Sub-Saharan Africa’s Remittance Cost Remains Highest Average Cost Globally

The World Bank has stated that Nigeria is among a list of top 10 countries with high debt risk exposure.
The World Bank has stated that Nigeria is among a list of top 10 countries with high debt risk exposure.

The remittance cost in Sub-Saharan Africa remains the highest average cost at 8.2 percent against the global average cost of 6.5 percent, which is higher than the 3 percent target of the Sustainable Development Goal (SDG).

This was revealed in a report released by the global financial institution, the World Bank, on Wednesday.

In the report headlined, ‘Defying Predictions, Remittance Flows Remain Strong During COVID-19 Crisis’, the bank noted that global remittances were impacted by the advent of the coronavirus pandemic.

The report for 2020 noted that there was a slight decline in remittance flows globally at $540 billion against the $548 billion reached in 2019 (1.6 percent decline).

Apart from Nigeria, other countries in the Sub-Saharan region saw a 2.3 percent increase in remittance flows, while as a whole, the region recorded a drop of 12.5 percent.

Remittance inflows across the globe are as follows:

Latin America and the Caribbean: increase of 6.5 percent;

South Asia: increase of 5.2 percent;

Middle East and the Pacific: increase of 7.9 percent.

Remittance Effects On the Poor

Speaking on the report, the Global Director of the Social Protection and Jobs Global Practice at the World Bank, Michal Rutkowski, said that remittances remain the life support for the poor and vulnerable.

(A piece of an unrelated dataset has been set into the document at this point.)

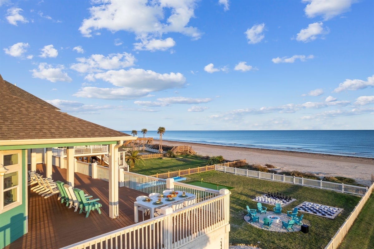 Pabuskite šioje paplūdimio poilsio vietoje su privačiu sūraus vandens baseinu ir tiesioginiu išėjimu į paplūdimį, iš kurio atsiveria panoraminis įlankos vaizdas. Šiuose erdviuose namuose, kurie puikiai tinka grupėms, yra kelios gyvenamosios erdvės, terasos aplink visą namą ir galimybė pramogauti viduje ar lauke naudojantis kepsnine, baru ir valgomuoju su vaizdu į vandenį. Mėgaukitės pagrindiniu aukštu su puikiu kambariu ir virtuve su vaizdu į vandenyną bei atskira klubo stiliaus erdve vaikams arba antrai šeimai. Prabangūs patalynės užvalkalai, spartusis belaidis internetas, išmanieji televizoriai, elektromobilio įkrovimo stotelė ir bagažo keltuvas.

Rutkowski said, “As COVID-19 still devastates families around the world, remittances continue to provide a critical lifeline for the poor and vulnerable.

“Supportive policy responses, together with national social protection systems, should continue to be inclusive of all communities, including migrants.”

The report added that the resilience of remittance flows globally highlighted the need for a comprehensive collection of data on remittances.

It said, “The relatively strong performance of remittance flows during the COVID-19 crisis has also highlighted the importance of timely availability of data.

“Given its growing significance as a source of external financing for low- and middle-income countries, there is a need for better collection of data on remittances, in terms of frequency, timely reporting, and granularity by corridor and channel.”

READ ALSO: CBN’s Policy To Push Nigeria’s Diaspora Remittances To $22bn – Report

Emphasising the importance of remittances to the vulnerable section of countries, the lead author of the report on migration and remittances and head of KNOMAD, Dilip Ratha, said, “The resilience of remittance flows is remarkable. Remittances are helping to meet families’ increased need for livelihood support.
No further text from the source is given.